#### Problem requirements:
Repeat the records below exactly from the line containing "Ugreen 40715 Qc3.0" to the line containing "澳洲进口Bio island鳕鱼肝油宝宝儿童婴幼儿DHA鱼肝油90粒", taking in both of those lines. Drop the pictures.

#### Record excerpts:
========================
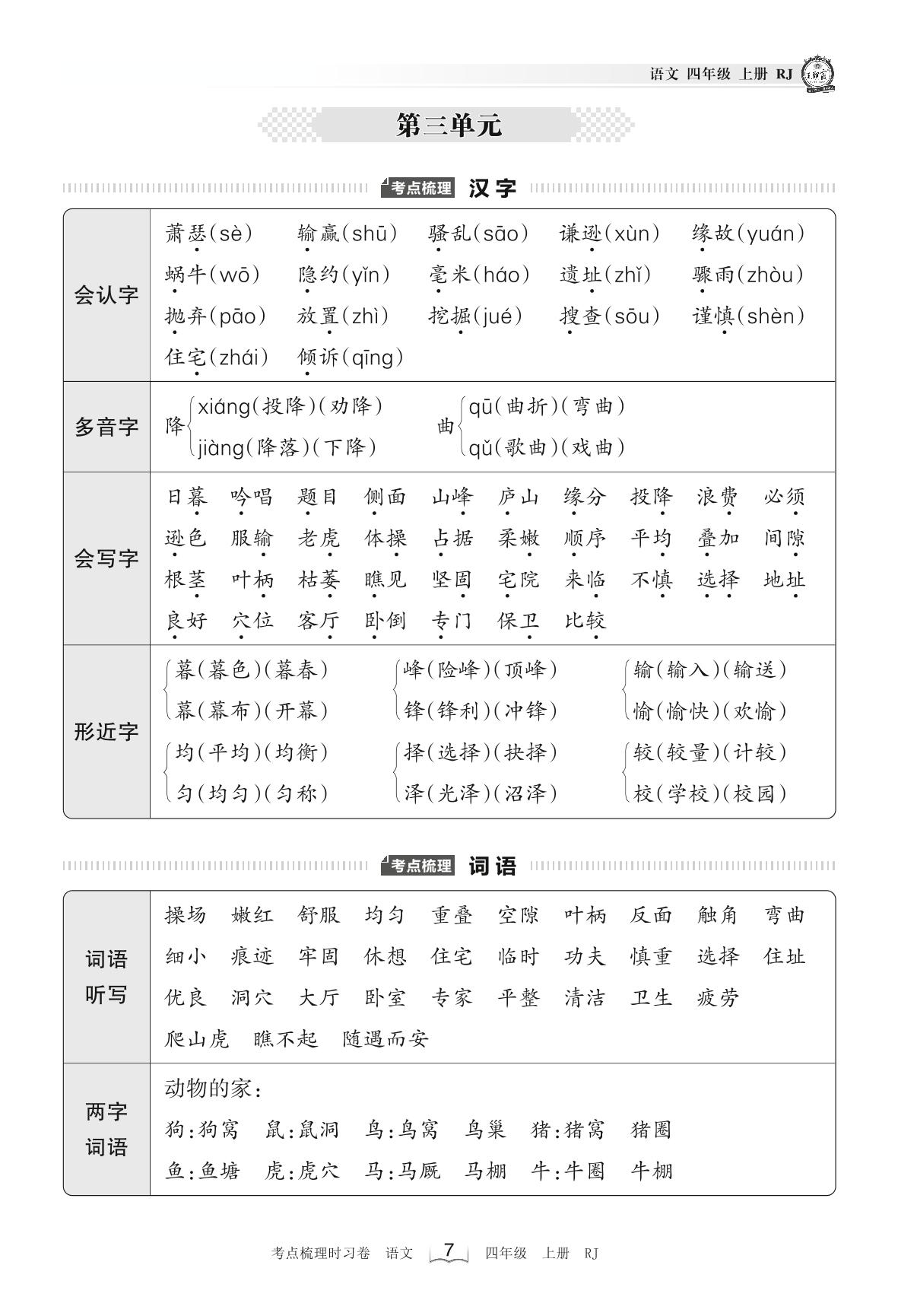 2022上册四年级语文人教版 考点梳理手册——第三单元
========================
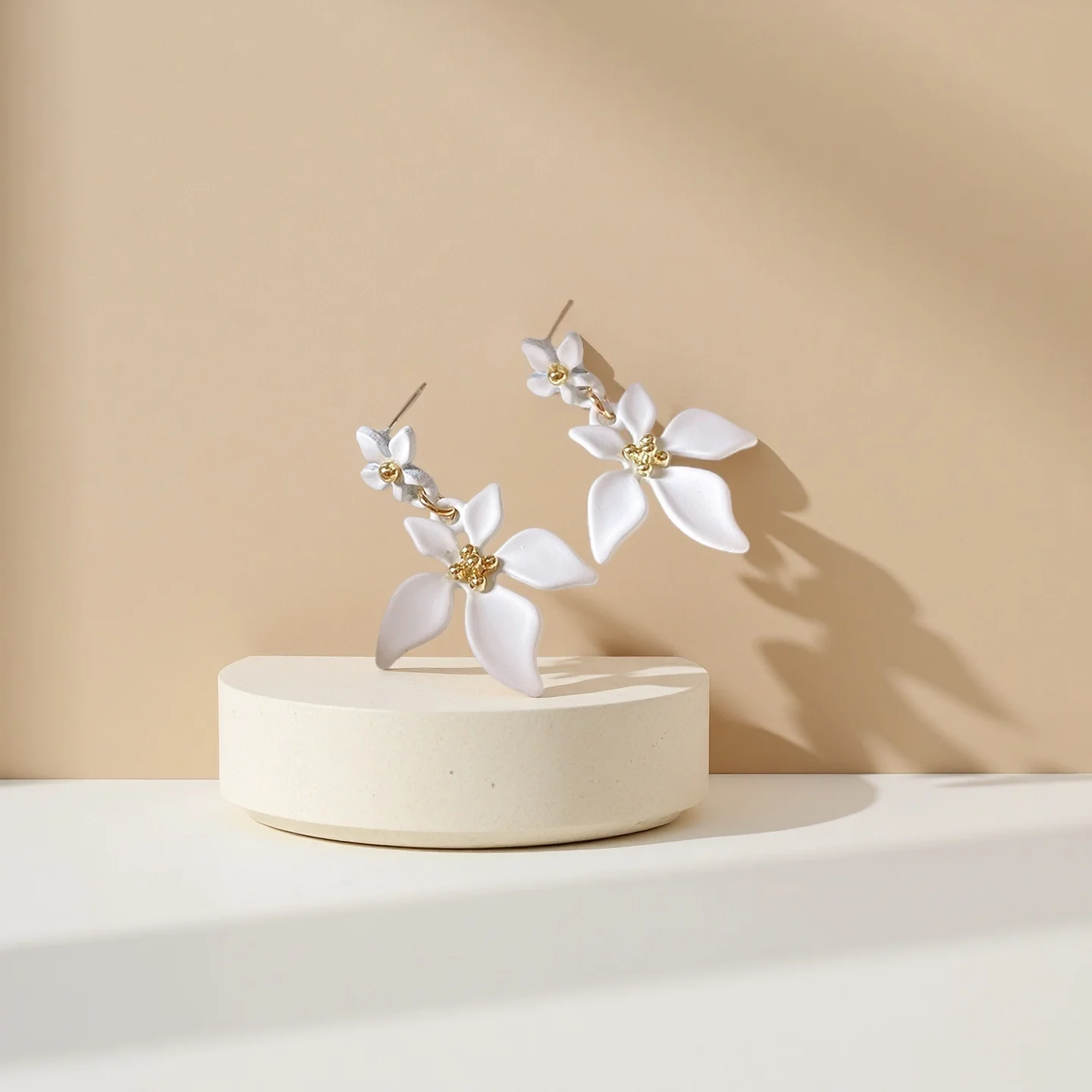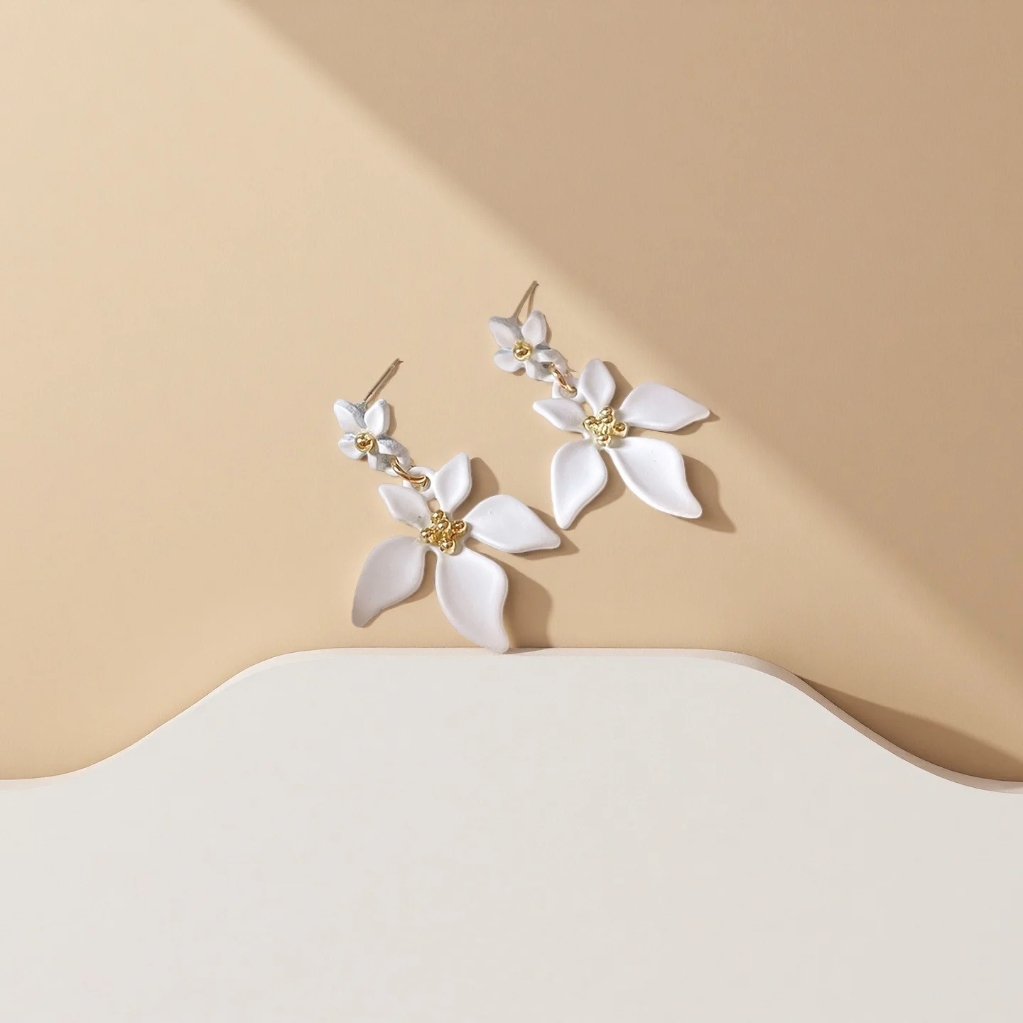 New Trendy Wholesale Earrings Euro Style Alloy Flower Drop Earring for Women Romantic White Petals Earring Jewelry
========================
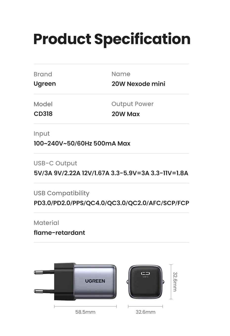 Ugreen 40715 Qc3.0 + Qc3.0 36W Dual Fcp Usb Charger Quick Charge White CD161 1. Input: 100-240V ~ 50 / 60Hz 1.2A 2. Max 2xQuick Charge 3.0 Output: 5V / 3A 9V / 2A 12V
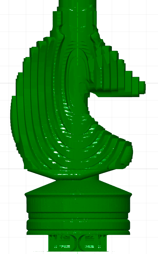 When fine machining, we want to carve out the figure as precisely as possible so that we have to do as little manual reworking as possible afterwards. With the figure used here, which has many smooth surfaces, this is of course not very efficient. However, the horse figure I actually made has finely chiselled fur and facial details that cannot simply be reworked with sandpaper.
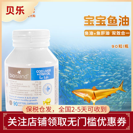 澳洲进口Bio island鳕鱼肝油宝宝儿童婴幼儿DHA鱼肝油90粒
========================
#### Solved problem:
 Ugreen 40715 Qc3.0 + Qc3.0 36W Dual Fcp Usb Charger Quick Charge White CD161 1. Input: 100-240V ~ 50 / 60Hz 1.2A 2. Max 2xQuick Charge 3.0 Output: 5V / 3A 9V / 2A 12V
 When fine machining, we want to carve out the figure as precisely as possible so that we have to do as little manual reworking as possible afterwards. With the figure used here, which has many smooth surfaces, this is of course not very efficient. However, the horse figure I actually made has finely chiselled fur and facial details that cannot simply be reworked with sandpaper.
 澳洲进口Bio island鳕鱼肝油宝宝儿童婴幼儿DHA鱼肝油90粒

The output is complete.